Some four weeks earlier, on 5th November 1941, Admiral Isoroku Yamamoto, the C-in-C Combined Fleet, was warned by Imperial Japanese Headquarters that war was feared to be unavoidable.
General Douglas MacArthur in Manila remained convinced that there would be no Japanese attack before the Spring of 1942. As the commander of the American and Filipino troops in the Philippines, and a man of immense prestige, few contradicted him.
The Japanese regarded the Philippines as a “pistol aimed at Japan’s heart”. An intercepted coded message from Emperor Hirohito’s Foreign Office to the Japanese Embassy in Berlin referred to breaking “asunder this ever strengthening chain of encirclement which is being woven under the guidance of and with the participation of England and the United States, acting like a cunning dragon seemingly asleep”. This was a surprising and rather silly claim because the Japanese had already seized every port on the Chinese coast except Hong Kong.

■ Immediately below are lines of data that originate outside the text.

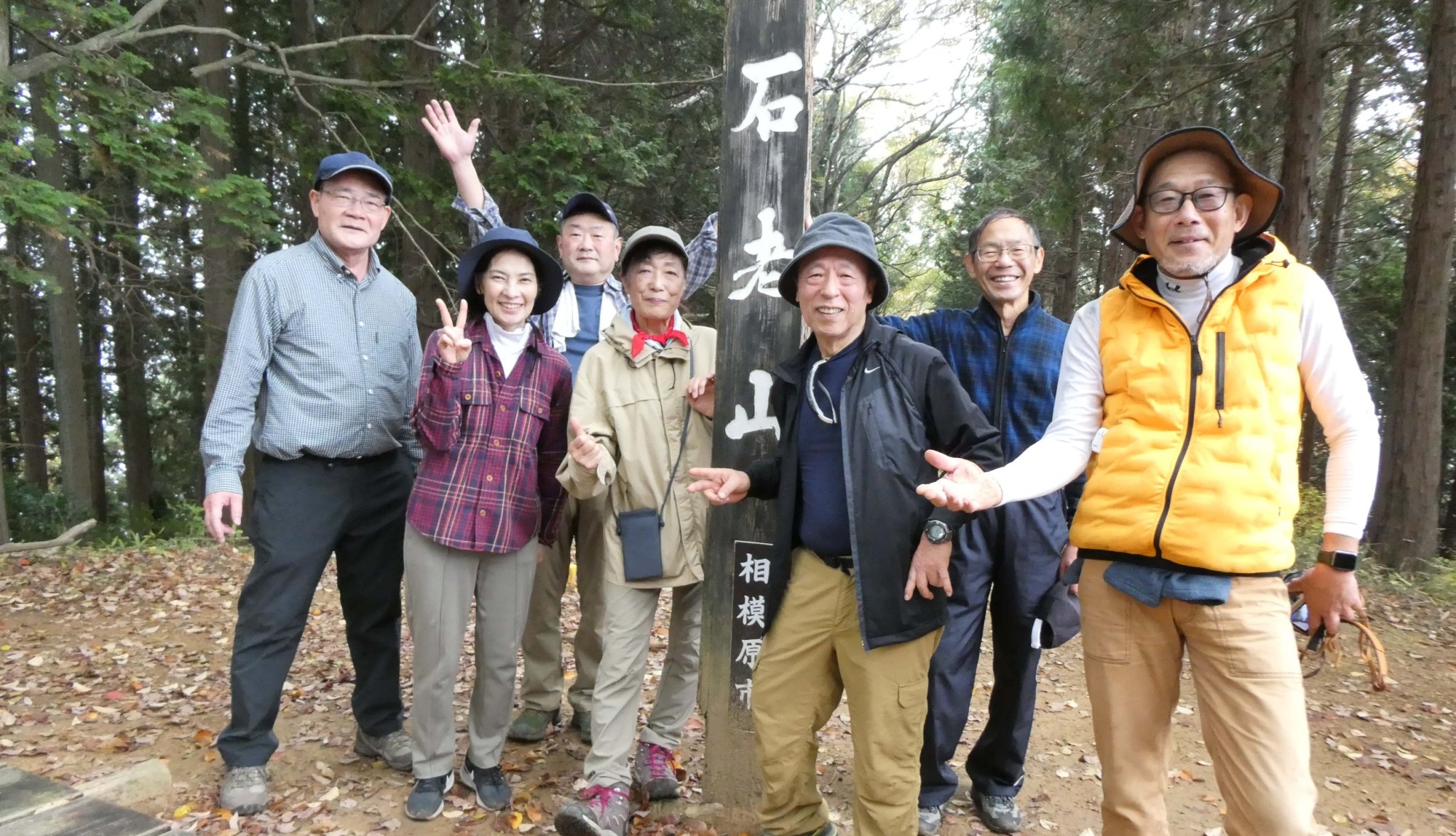 当日11月10日は前日の冷たい雨から一転してハイキングに最適な朝を迎えることができました。JR横浜線でポイント点検による遅延があったものの、集合時間前には参加者7名(男性5名、女性2名、一期2名、二期3名、三・四期1名ずつ)全員が相模湖観光案内所に集まり、熊出没情報や対策等を確認の上、JR相模湖駅から9時1分発のバスで石老山入口に到着、登山を開始しました。
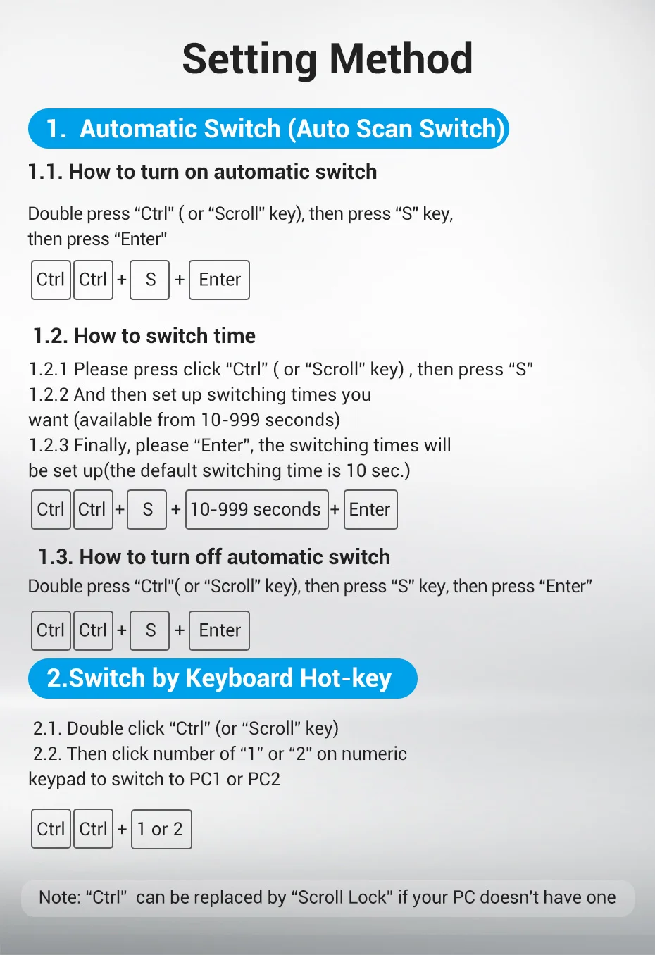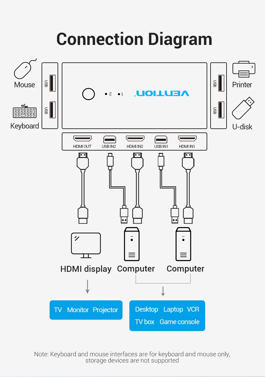 【 Переключатель горячих клавиш и беспроводное устройство 】поддержка беспроводной клавиатуры и мыши, переключатель горячих клавиш: Поддержка кнопки хоста и переключатель горячих клавиш, быстрое переключение между 2 источников на клавиатуре (две горячие клавиши: “Ctrl + 1/2”, “scrout Lock + 1/2”). Питание от USB: внешний адаптер питания не требуется.
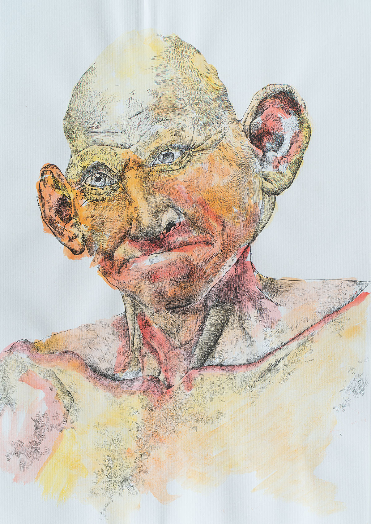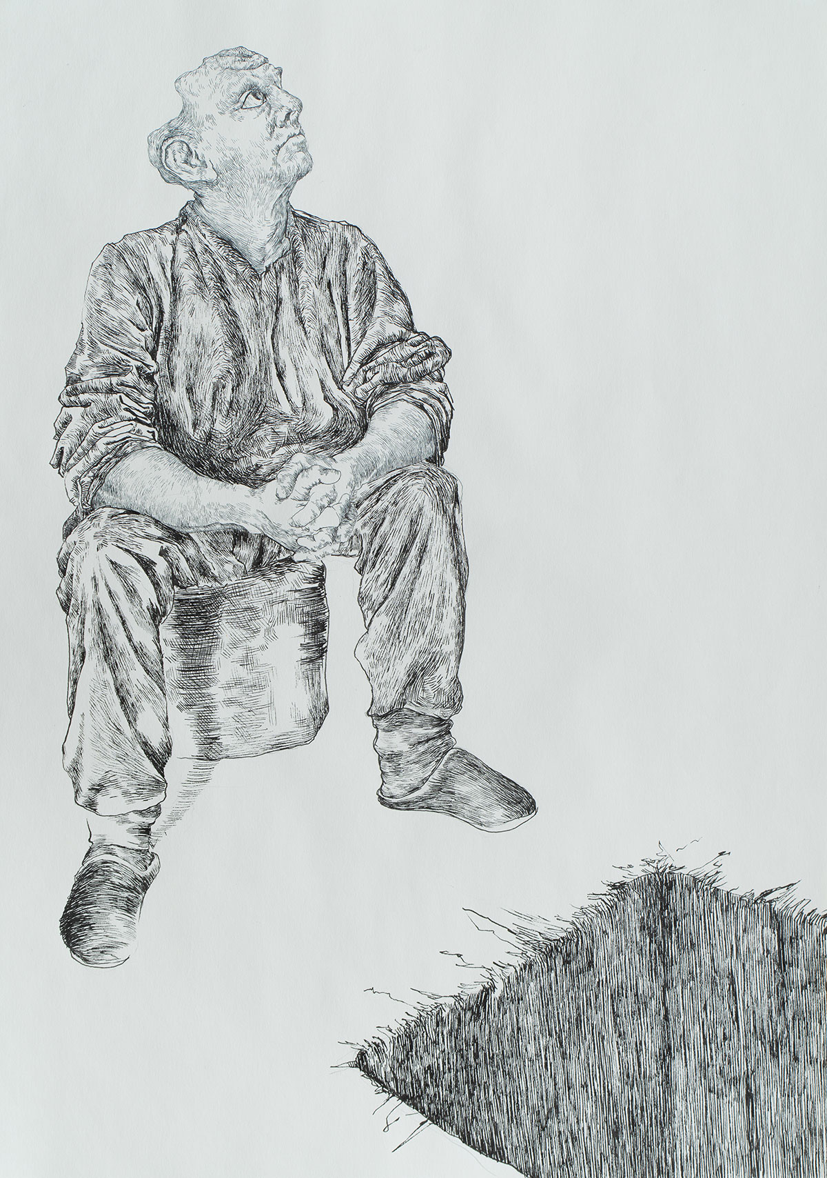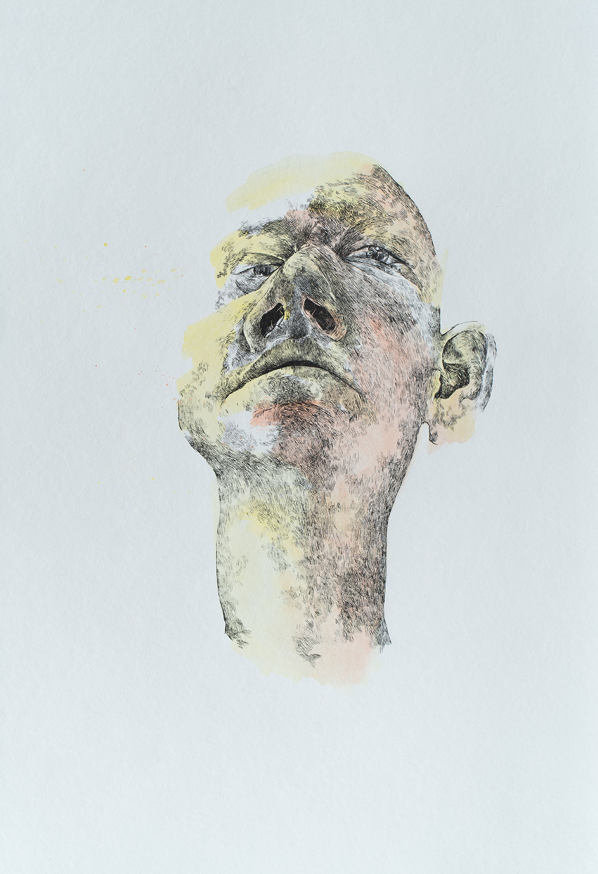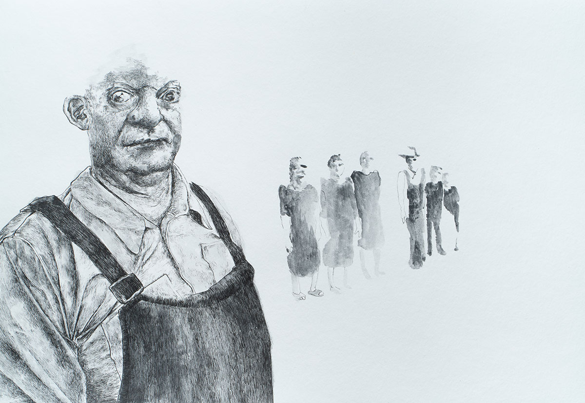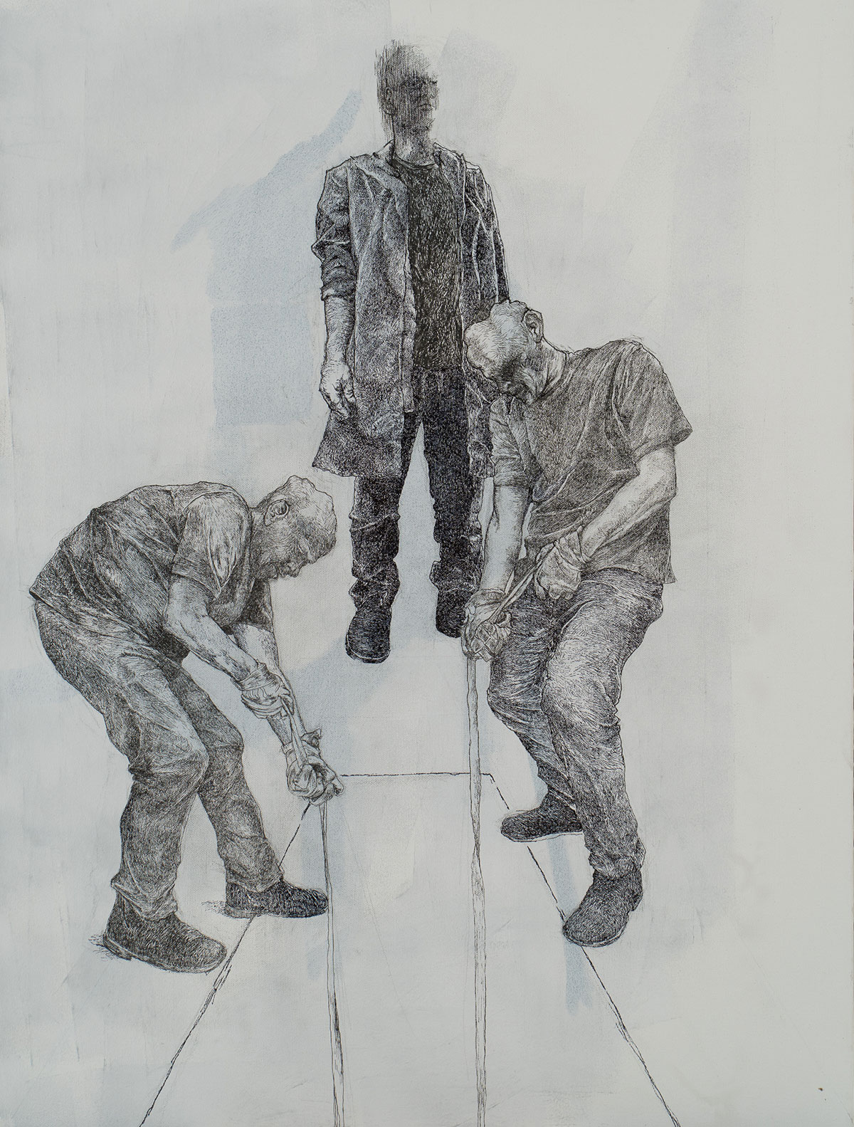 U tom nijemom dijalogu između Klobučarovih crteža s već prepoznatljivim likovima iz njegova privatnog danse macabrea i radova starih majstora iz Zbirke Benka Horvata, zaustavljenih u davno proteklom, gotovo zaboravljenom trenutku, umjetnik je samo prisutan, kao nelagoda i strah. Bez izražene dinamike i geste, koja je tek nagovještena u lagano uzdignutoj ljevici, poput lika na izloženom bakropisu Čovjek iz naroda (Carla Antoninija, dio bakropisne serije Figurine Salvatora Rose, Rim, 1656./1657. godine), da bi navijestio svoju prisutnost, kao duh neprimjetno primjetan.

On 27th November the US Navy Department sent out a message which began most ominously. “This despatch is to be considered a war warning… an aggressive move by Japan is expected within the next few days… the number and equipment of Japanese troops and the organization of naval task forces indicates an amphibious expedition against either the Philippines, Thai or Kra Peninsula, or possibly Borneo.”2
J C Grew, the US Ambassador in Tokyo, believed that the Japanese negotiations with the Americans in Washington were “a blind to conceal war preparations”. He warned his Government that Japanese attacks might come with dramatic and dangerous suddenness. The Ambassador’s estimate of the situation was confirmed by intercepted secret messages from Tokyo to Washington; they stressed the urgency of bringing the negotiations to a favourable conclusion by 29th November since “after that [date] things are automatically going to happen”. Roosevelt gloomily concluded that America was likely to be attacked within a week.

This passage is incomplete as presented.